Матрена Никитична прижала девушку к себе… Как странно было теперь, здесь, на оккупированной земле, среди неубранных полей, разбитых деревень, на дорогах, загроможденных скелетами сожженных машин и распухшими тушами животных, вспоминать незабываемые дни, проведенные в кремлевском зале. Сразу как-то вся помолодев, Рубцова начала взволнованно говорить о том, что видела и что слышала она на совещании животноводов.
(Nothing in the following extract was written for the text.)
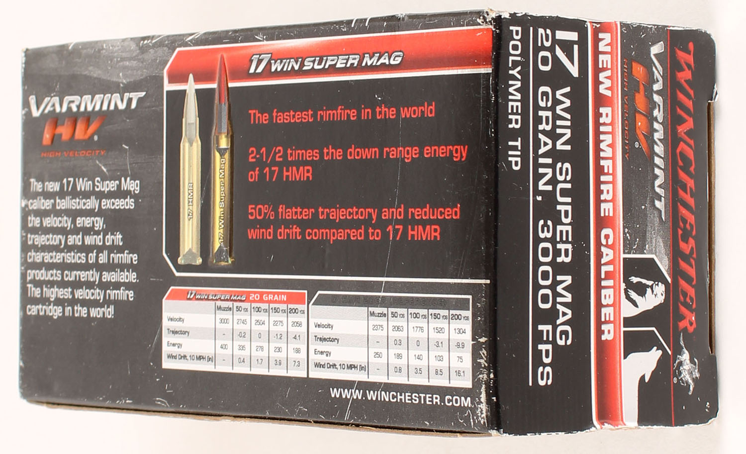 Winchester, Varmint GV, .17 Winchester Super Mag, Grain Polymer Tip, 3,000 FPS, Full, 1pc. Black & Red box, box is solid with excellent to minty color, very minor edge & corner wear, end flaps are solid, ammo is minty. Grade: Excellent - Value: 20 to 30

К этой теме они потом возвращались не однажды. Каждый раз Матрена Никитична отыскивала в памяти новые интересные подробности, и Муся не уставала ее слушать. Но женщина часто прерывала рассказ на полуслове:
— Нет, ты подумай, Маша, они хотят нас покорить, а?… Надеть на нас хомут после такой жизни… Глупцы несусветные! Разве солнце погасишь?
Иногда с утра на Матрену Никитичну находило задумчивое настроение. Лицо ее становилось неподвижным, замкнутым, в глазах появлялись тоска и тревога. Муся знала, что в эти минуты спутница думает о муже, о детях, и старалась приотстать, чтобы не мешать ей.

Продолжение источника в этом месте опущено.